YOLOFT: An Extremely Small Video Object Detection Benchmark Baseline

📢 Introduction

This is the official implementation of the baseline model for XS-VID benchmark.

🎡 Dependencies

CUDA 11.7
Python 3.8
PyTorch 1.12.1(cu116)
TorchVision 0.13.1(cu116)
numpy 1.24.4

📂 Datasets

Our work is based on the large-scale extremely small video object detection benchmark XS-VID. Download the dataset(s) from corresponding links below.

[Google drive]：annotations; images(0-3); images(4-5);
[BaiduNetDisk]：annotations and images;

Please choose a download method to download the annotations and all images. Make sure all the split archive files (e.g., images.zip, images.z01, images.z02, etc.) are in the same directory.
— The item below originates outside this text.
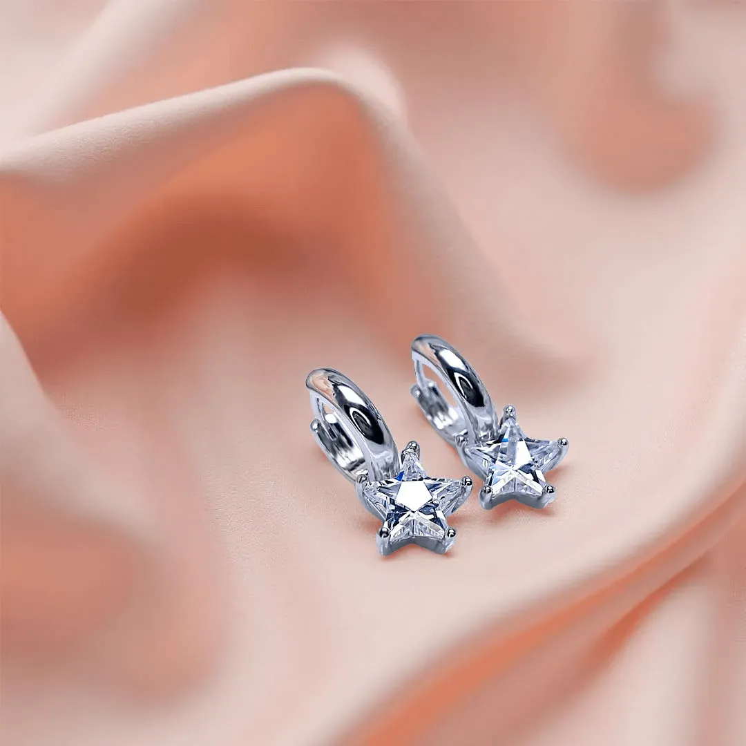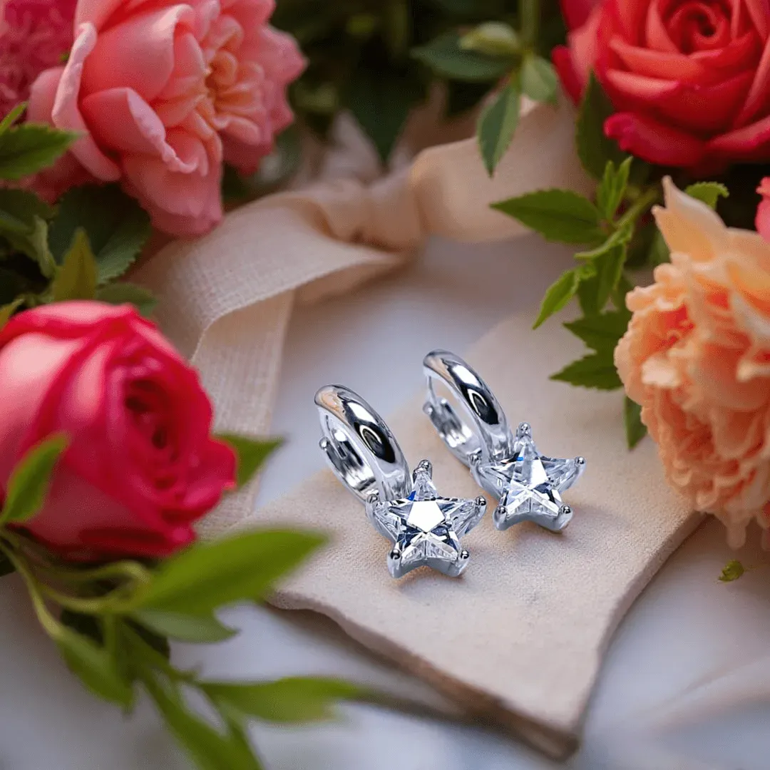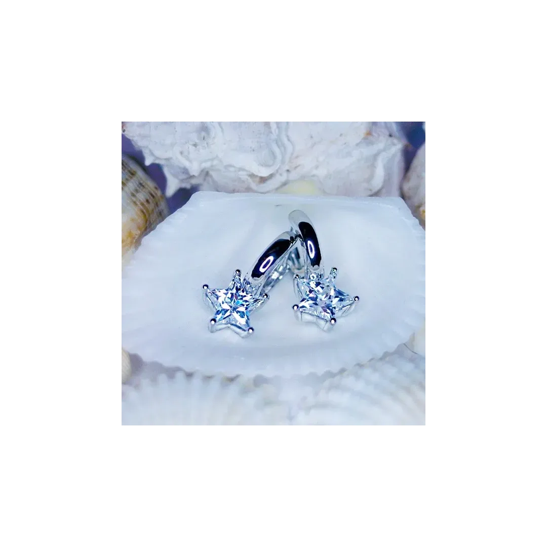 Nádherné náušnice s velkým třpytivým krystalem ve tvaru hvězdy rozzáří vzhled každé dámy či slečny. Náušnice jsou zdobené precizně broušeným krystalem Cubic Zirconia nejvyšší kvality AAA+ a na povrchu galvanicky pokoveny drahým platinovým kovem - rhodiem.

Use the following command to extract them:

unzip images.zip
unzip annotations.zip

We have released several annotation formats to facilitate subsequent research and use, including COCO, COCOVID, YOLO

🛠️ Install

This repository is build on Ultralytics 8.0.143 which can be installed by running the following scripts. Please ensure that all dependencies have been satisfied before setting up the environment.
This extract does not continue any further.